EXERCISE GOAL – Write out every entry below exactly as it appears. Pictures do not belong in the copy.

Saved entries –
↓

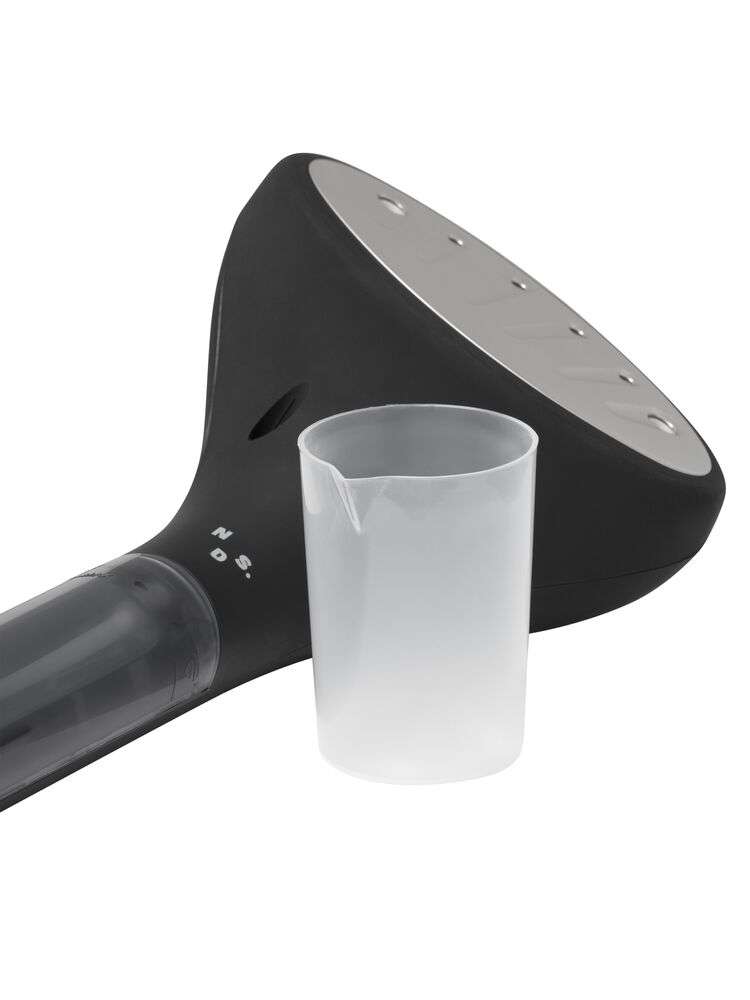 Denna steamer är ett effektivt och stilrent verktyg för att snabbt fräscha upp dina plagg. Den mattsvarta finishen i plast och metall gör den både tålig och snygg – en vardagshjälte i hemmet eller på resan.
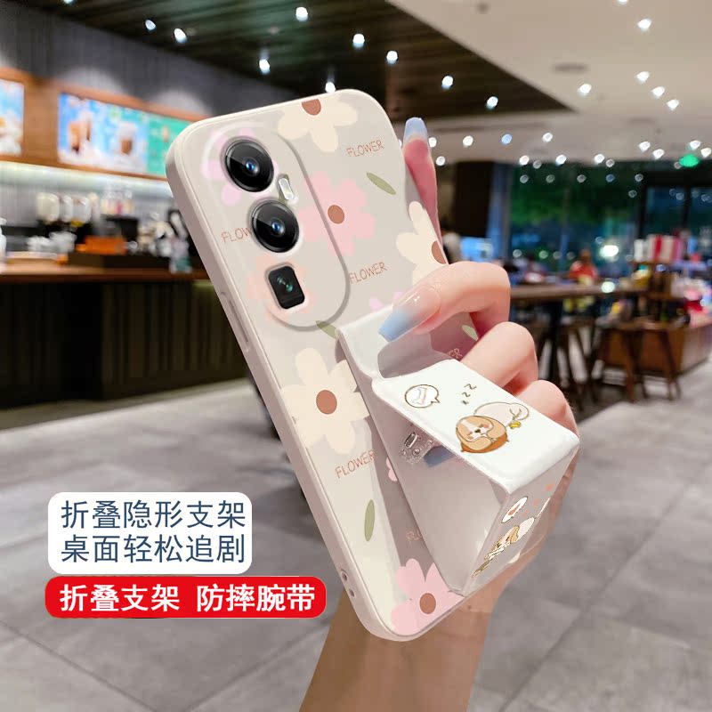 OPPOReno10手機殼小花狗Reno10Pro+桌面橫豎支撐架Reno9Pro磁吸腕帶Reno8/7se/6/全包防摔Reno5/4/3/2z/z軟殼
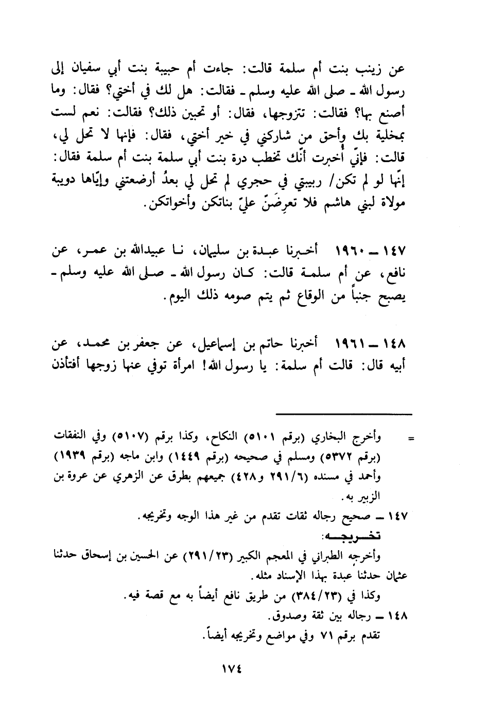 1960 - أَخْبَرَنَا عَبْدَةُ بْنُ سُلَيْمَانَ، نا عُبَيْدُ اللَّهِ بْنُ عُمَرَ، عَنْ نَافِعٍ، عَنْ أُمِّ سَلَمَةَ قَالَتْ: «كَانَ رَسُولُ اللَّهِ صَلَّى اللهُ عَلَيْهِ وَسَلَّمَ §يُصْبِحُ جُنُبًا مِنَ الْوِقَاعِ، ثُمَّ يُتِمُّ صَوْمَهُ ذَلِكَ الْيَوْمَ»
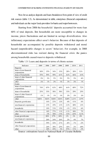 Now let us analyze deposits and loans breakdown from point of view of credit
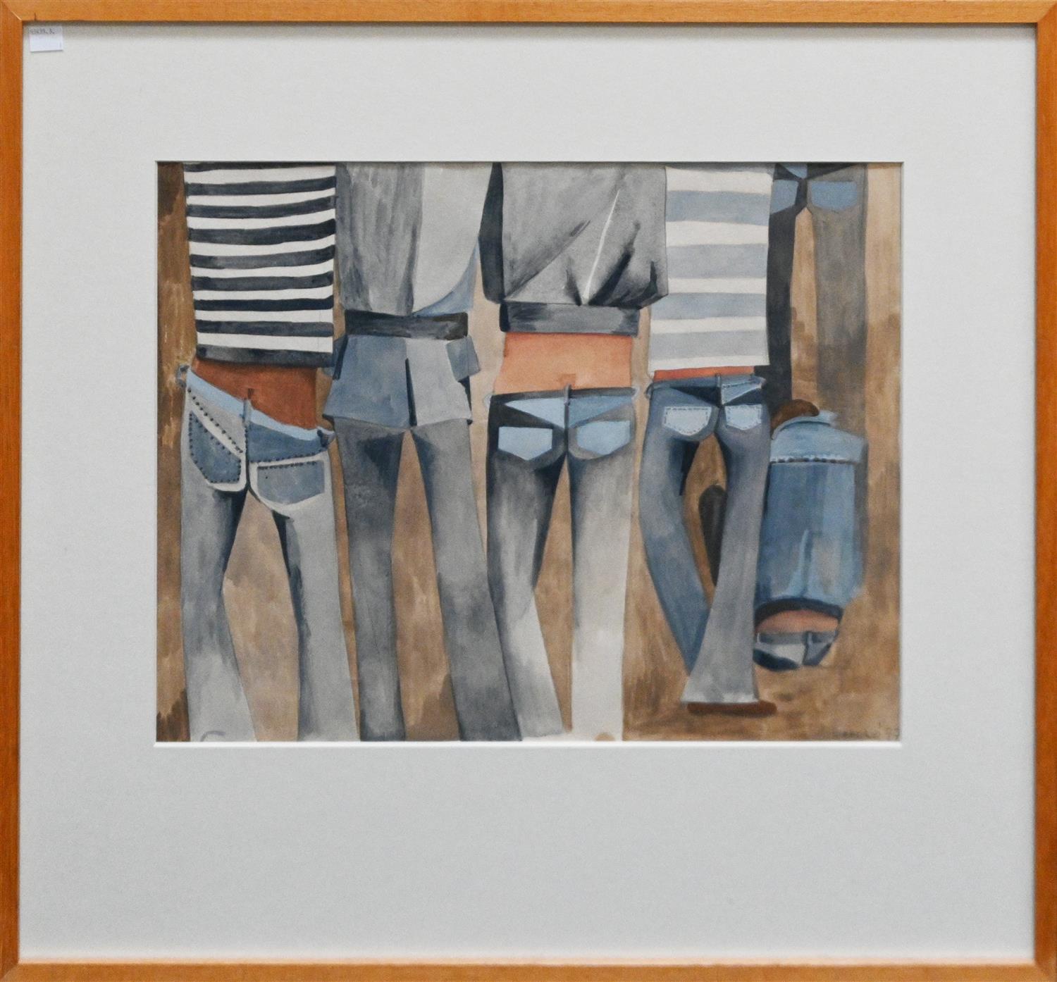 DOROTHY BRAUND, JEANS 1977, WATERCOLOUR AND GOUACHE ON PAPER, SIGNED AND DATED LOWER RIGHT, 38.5 x 51CM, FRAME SIZE: 66 X 73.5CM
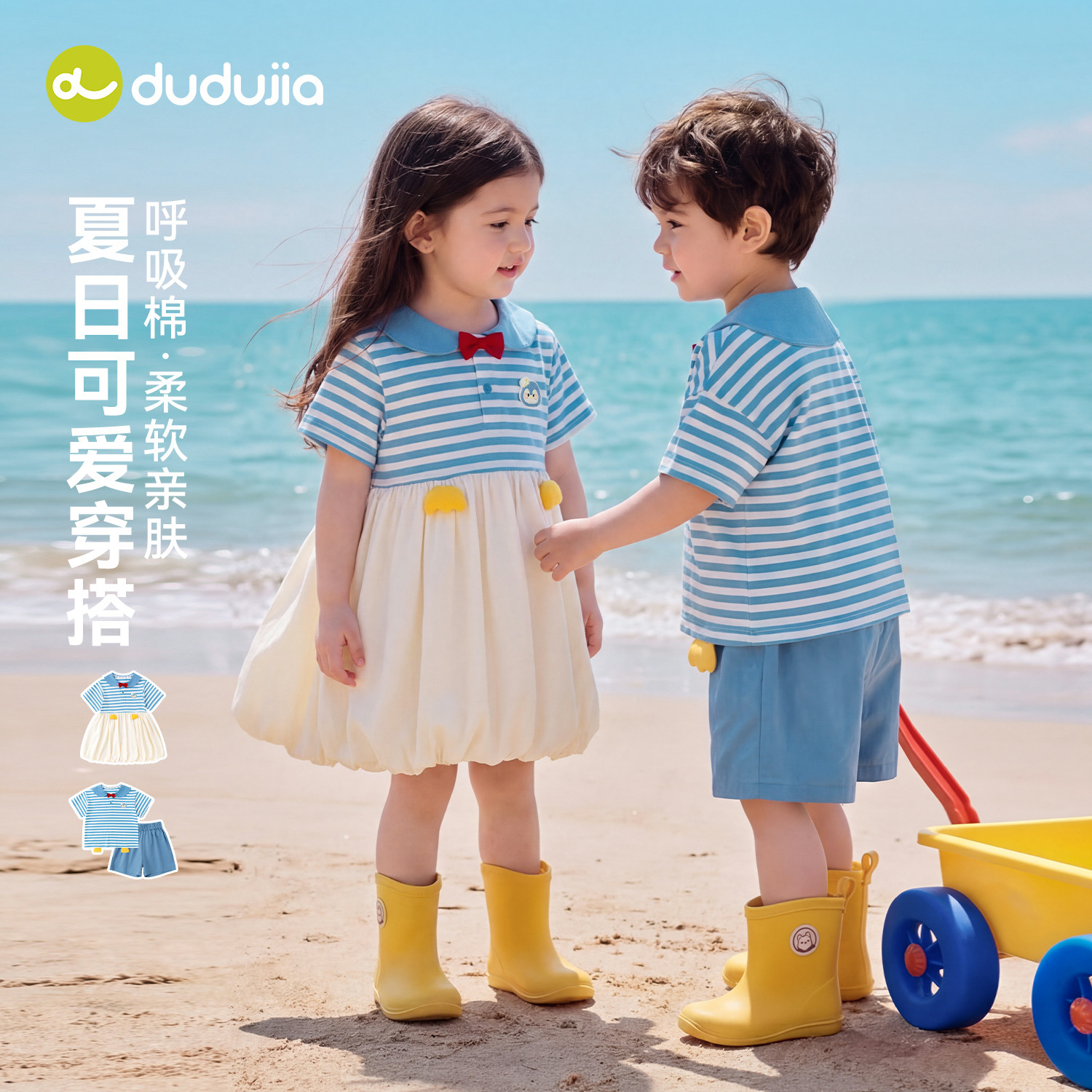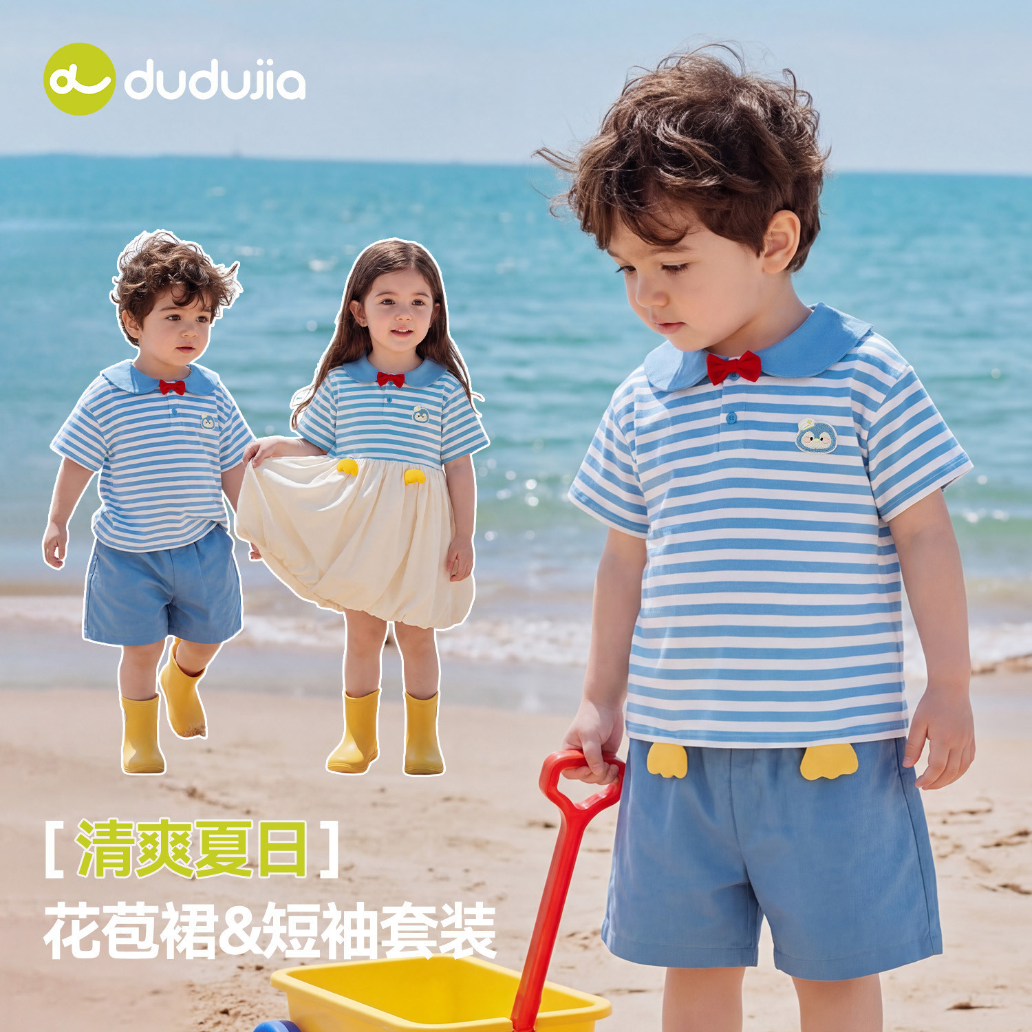 dudujia儿童套装夏季男童T恤短裤女童裙子短袖宝宝童装裤子夏装类

↑

ANSWER TO THIS PROBLEM –
 Denna steamer är ett effektivt och stilrent verktyg för att snabbt fräscha upp dina plagg. Den mattsvarta finishen i plast och metall gör den både tålig och snygg – en vardagshjälte i hemmet eller på resan.
 OPPOReno10手機殼小花狗Reno10Pro+桌面橫豎支撐架Reno9Pro磁吸腕帶Reno8/7se/6/全包防摔Reno5/4/3/2z/z軟殼
 1960 - أَخْبَرَنَا عَبْدَةُ بْنُ سُلَيْمَانَ، نا عُبَيْدُ اللَّهِ بْنُ عُمَرَ، عَنْ نَافِعٍ، عَنْ أُمِّ سَلَمَةَ قَالَتْ: «كَانَ رَسُولُ اللَّهِ صَلَّى اللهُ عَلَيْهِ وَسَلَّمَ §يُصْبِحُ جُنُبًا مِنَ الْوِقَاعِ، ثُمَّ يُتِمُّ صَوْمَهُ ذَلِكَ الْيَوْمَ»
 Now let us analyze deposits and loans breakdown from point of view of credit
 DOROTHY BRAUND, JEANS 1977, WATERCOLOUR AND GOUACHE ON PAPER, SIGNED AND DATED LOWER RIGHT, 38.5 x 51CM, FRAME SIZE: 66 X 73.5CM
 dudujia儿童套装夏季男童T恤短裤女童裙子短袖宝宝童装裤子夏装类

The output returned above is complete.